Agentic AI is Not Just a New Tool; It’s a New Operating Model for the Enterprise

Sharif Berdi, the Senior Director for Data & AI Engineering at Inception (a G42 company), says, the vision isn’t a single super-agent, but a network of specialised agents that collaborate, just like high-performing human teams
How do you define Agentic AI, and how does it fundamentally differ from traditional chatbots or rule-based automation?
Agentic AI has introduced a new way for enterprises to harness intelligence. No longer is intelligence simply a reactive tool, but rather a strategic enabler. Traditional chatbots or rule-based systems handle tasks by following instructions. They do not have the ability to interpret, adapt, or anticipate. Instead, they rely on pre-programmed scripts to respond to isolated inputs.
Agentic AI, on the other hand, solves problems. It doesn’t wait to be told what to do; it interprets intent, maintains memory across interactions, adjusts to dynamic input, and collaborates with other agents and humans to reach outcomes. Think of it as an assistant that doesn’t just follow commands but proactively navigates the complexities of enterprise operations.
We recognised the limitations of legacy automation—such as inflexibility, siloed data, and lack of real-time insights—and designed solutions to overcome them. We view Agentic AI as intelligent systems that can sense, decide, and act across different parts of an organisation. This philosophy powers our (In)Business Suite, which embeds autonomous AI agents into key business areas like procurement, process automation, productivity, and customer experience.
For example, (In)Business Procurement does more than automate contract workflows. It identifies high-performing, sustainable suppliers, accelerates sourcing-to-award cycles, ensures compliance, and drives measurable savings. Meanwhile, our (In)Business Productivity and (In)Business Process modules empower teams to deploy no-code AI agents that coordinate workflows, surface knowledge, and make intelligent decisions often faster, more accurately, and at greater scale than human-led systems. Agentic AI is not just a new tool; it’s a new operating model for the enterprise.
Beyond task automation, what complex, multi-step problems are agentic AIs uniquely positioned to solve that current AI models cannot?
The true promise of Agentic AI lies in its ability to execute high-impact, multi-step problem-solving by coordinating across domains, tools, and objectives with reasoning, foresight, and contextual adaptation. Traditional AI models can automate narrow tasks while AI agents can manage entire workflows, make decisions, and even learn from evolving environments. These systems are capable of autonomous, outcome-driven orchestration in real time.
We are building Multi-Agentic solutions into the foundation of our enterprise products. These agents learn from sentiment, personalise responses, and help human teams deliver empathetic, real-time support which is far beyond what static chatbots can achieve. This enables enterprises to move from reactive automation to intelligent transformation by solving problems that are too fluid, complex, or involve high stakes for traditional models.
How much autonomy should Agentic AI have in decision-making, and where should humans remain in the loop?
Autonomy in Agentic AI should be both contextual and intentional, built around the principle of augmentation and not replacement. In regulated, high-stakes industries such as finance, healthcare, or public safety, full autonomy without human oversight is potentially risky.

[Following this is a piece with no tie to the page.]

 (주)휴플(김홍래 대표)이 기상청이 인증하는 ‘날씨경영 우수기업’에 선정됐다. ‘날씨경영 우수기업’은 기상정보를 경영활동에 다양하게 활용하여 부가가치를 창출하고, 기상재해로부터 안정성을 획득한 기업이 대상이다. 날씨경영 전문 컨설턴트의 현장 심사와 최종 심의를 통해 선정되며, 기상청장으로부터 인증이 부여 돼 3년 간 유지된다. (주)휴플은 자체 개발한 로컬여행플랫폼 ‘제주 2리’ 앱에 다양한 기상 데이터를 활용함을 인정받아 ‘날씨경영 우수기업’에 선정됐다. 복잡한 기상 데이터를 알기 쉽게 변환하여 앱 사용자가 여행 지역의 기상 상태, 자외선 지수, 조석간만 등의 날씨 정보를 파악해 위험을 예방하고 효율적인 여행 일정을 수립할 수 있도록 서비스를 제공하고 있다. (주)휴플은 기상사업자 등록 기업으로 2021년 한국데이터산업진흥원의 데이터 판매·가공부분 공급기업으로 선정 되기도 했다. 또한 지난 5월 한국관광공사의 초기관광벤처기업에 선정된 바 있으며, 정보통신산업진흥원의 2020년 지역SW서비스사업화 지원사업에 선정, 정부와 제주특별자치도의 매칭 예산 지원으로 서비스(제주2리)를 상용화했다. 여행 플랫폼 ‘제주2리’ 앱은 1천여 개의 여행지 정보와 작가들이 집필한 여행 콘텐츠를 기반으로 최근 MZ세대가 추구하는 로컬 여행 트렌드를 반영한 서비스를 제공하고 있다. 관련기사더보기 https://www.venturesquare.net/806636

Instead, we need a tiered approach that distinguishes between low-risk operational tasks and high-impact strategic decisions.

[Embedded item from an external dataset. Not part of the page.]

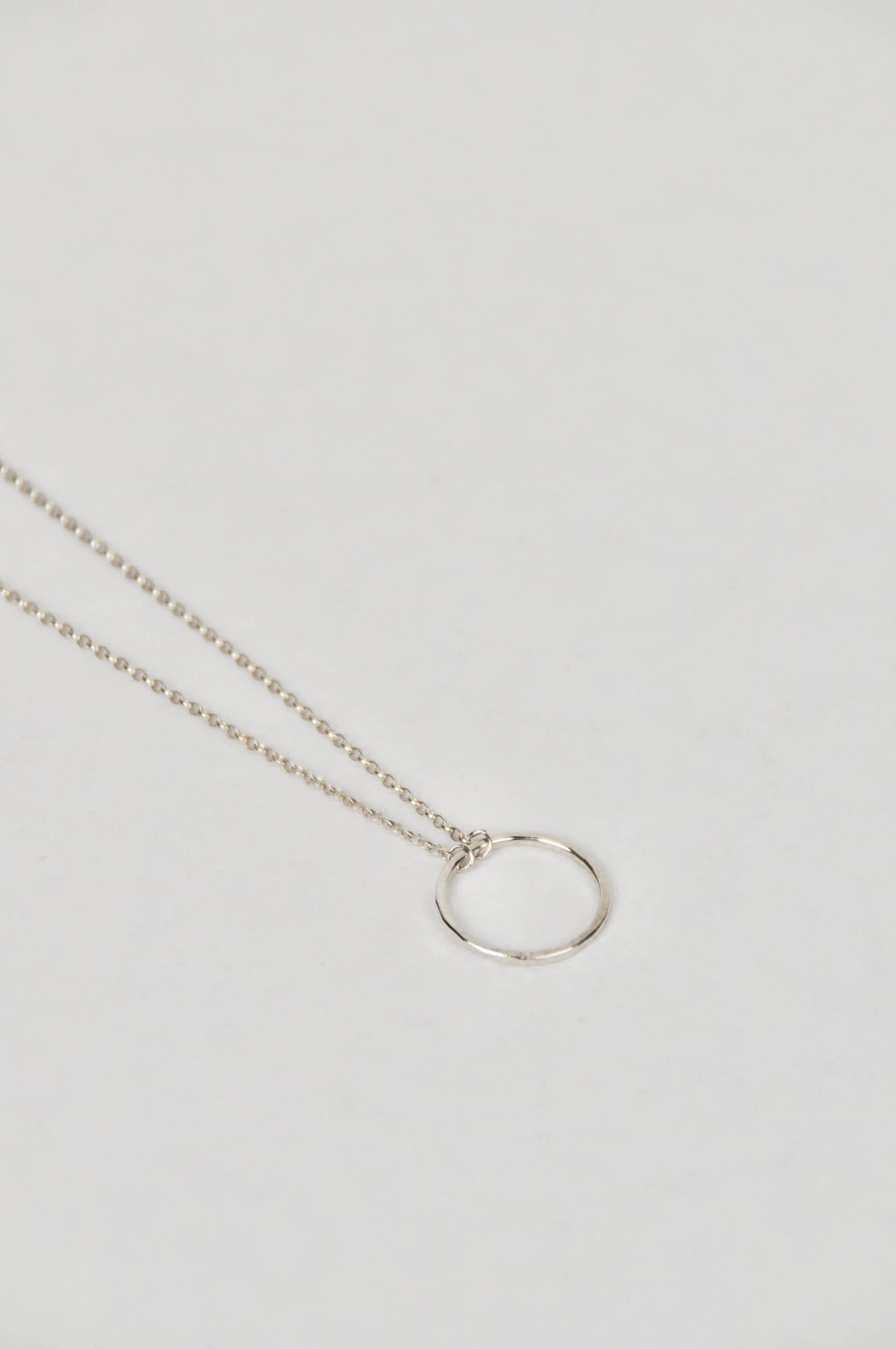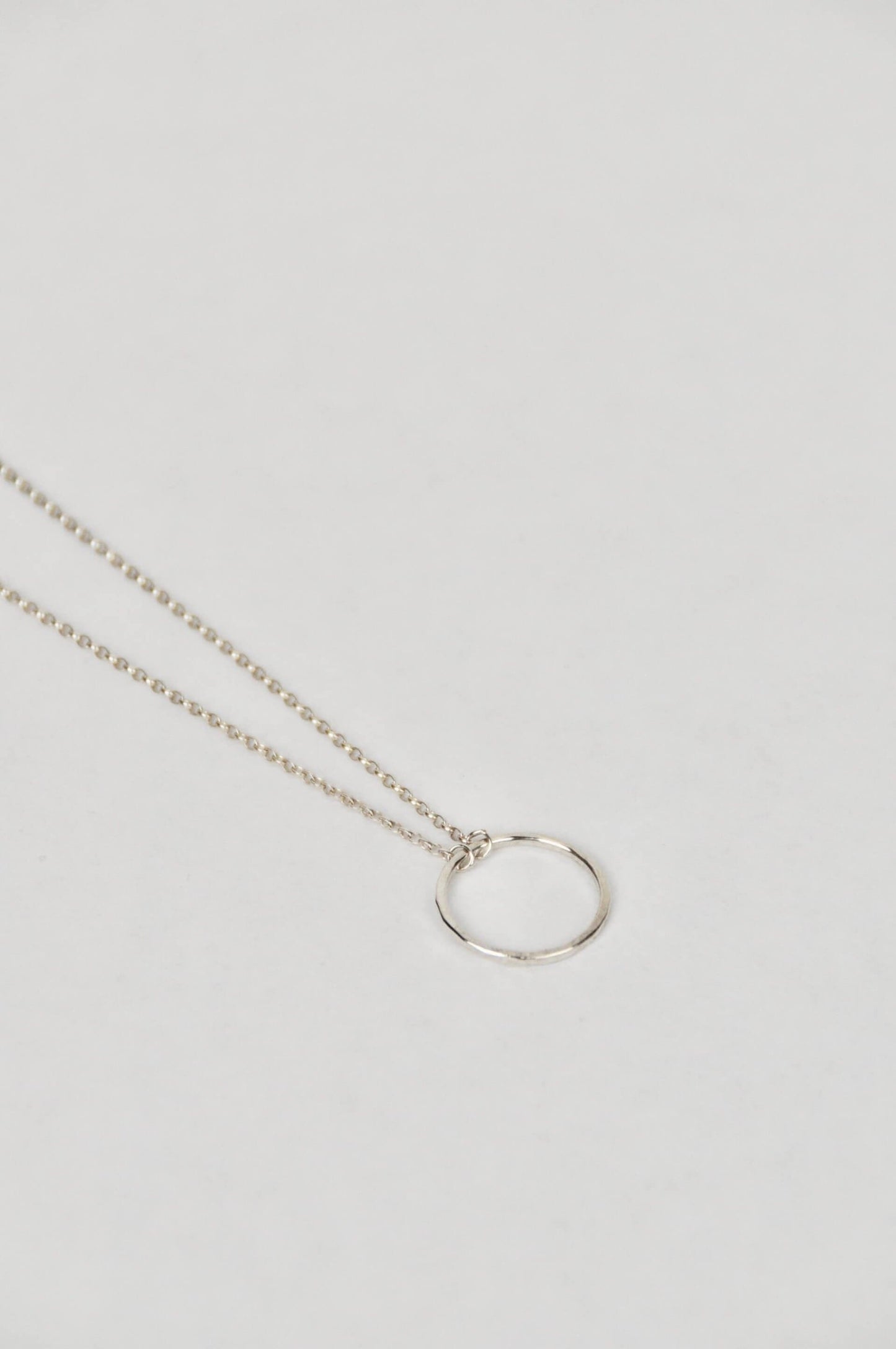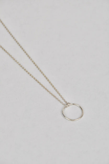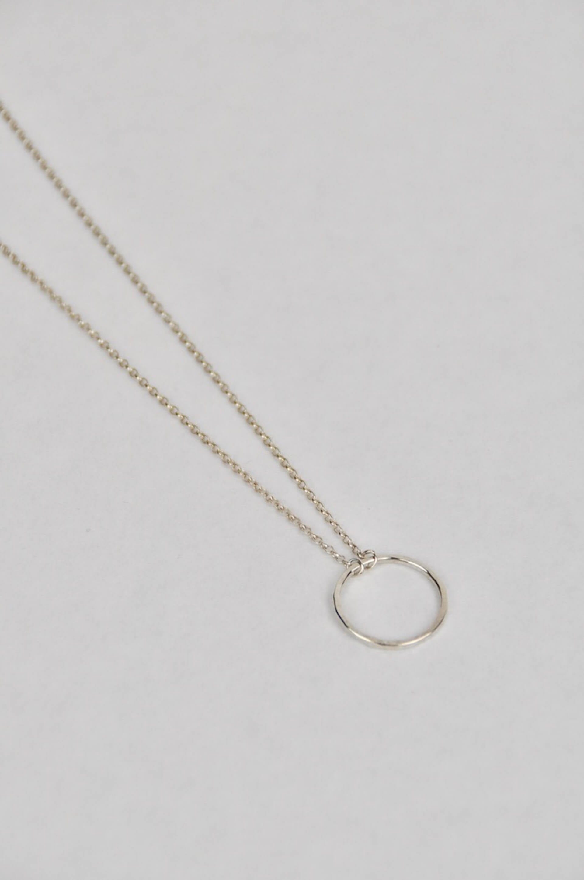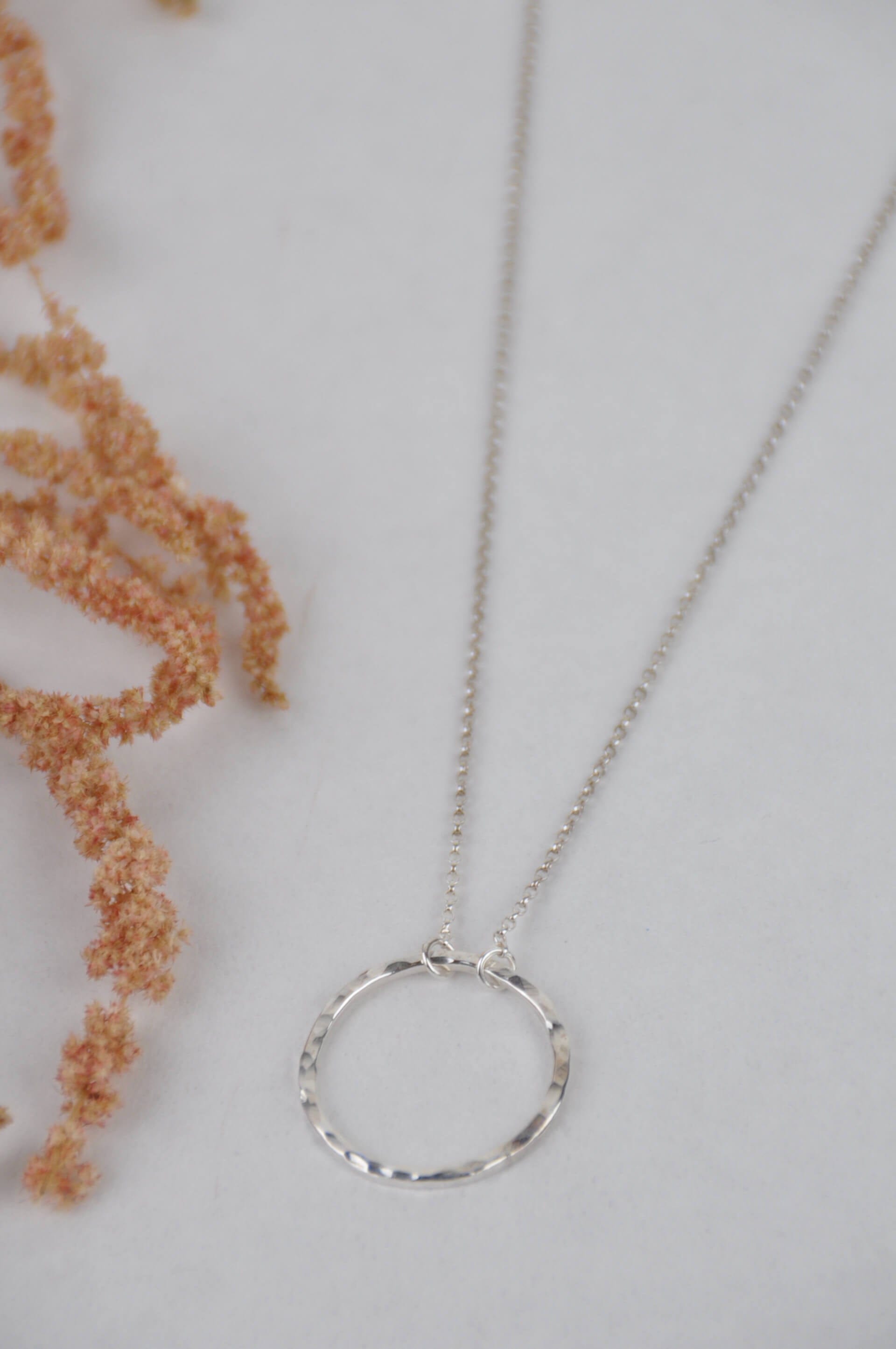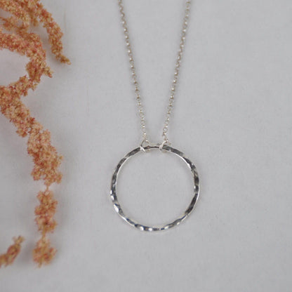 A beautifully designed, elegant single circle pendant in hammered silver on a silver chain.

This dynamic orchestration where agents proactively flag issues, surface insights, and suggest next actions, while humans make final calls is where Agentic AI shows its true value. It’s not about full autonomy; it’s about intelligent delegation.
Our products are designed to escalate when ambiguity is high, confidence scores are low, or when ethical, legal, or reputational thresholds are at stake. We empower enterprises to define custom guardrails that ensure decisions adhere to their compliance protocols and organisational ethics. Agentic AI thrives when it operates within these boundaries: autonomous where it drives efficiency, collaborative where it enables better judgment. Ultimately, the goal isn’t to eliminate human involvement but to elevate it.
What’s the next frontier for Agentic AI—will we see AI “agents” collaborating like human teams?
Absolutely. The vision isn’t a single super-agent, but a network of specialised agents that collaborate, just like high-performing human teams. Imagine a marketing agent identifying a shift in consumer sentiment, triggering a pricing agent to re-optimise offers, while a supply chain agent adapts distribution – all in real time, with minimal human input. This decentralised collaboration opens the door to adaptive enterprises that are faster, leaner, and more responsive to change.
Will open-source models keep pace with proprietary Agentic AI systems, or will there be a widening gap?
Open-source has always been the engine of rapid innovation, and I don’t see that changing. In fact, some of the most impressive breakthroughs in large language models have come from open communities. However, agentic systems need orchestrators, memory modules, secure APIs, and real-world alignment layers.
Proprietary systems may move faster in production-grade deployment, especially when backed by dedicated infrastructure and domain-specific fine-tuning. But open-source will continue to challenge the status quo, especially in driving transparency, accountability, and local innovation. The future is likely to be hybrid: proprietary strength paired with open-source vitality.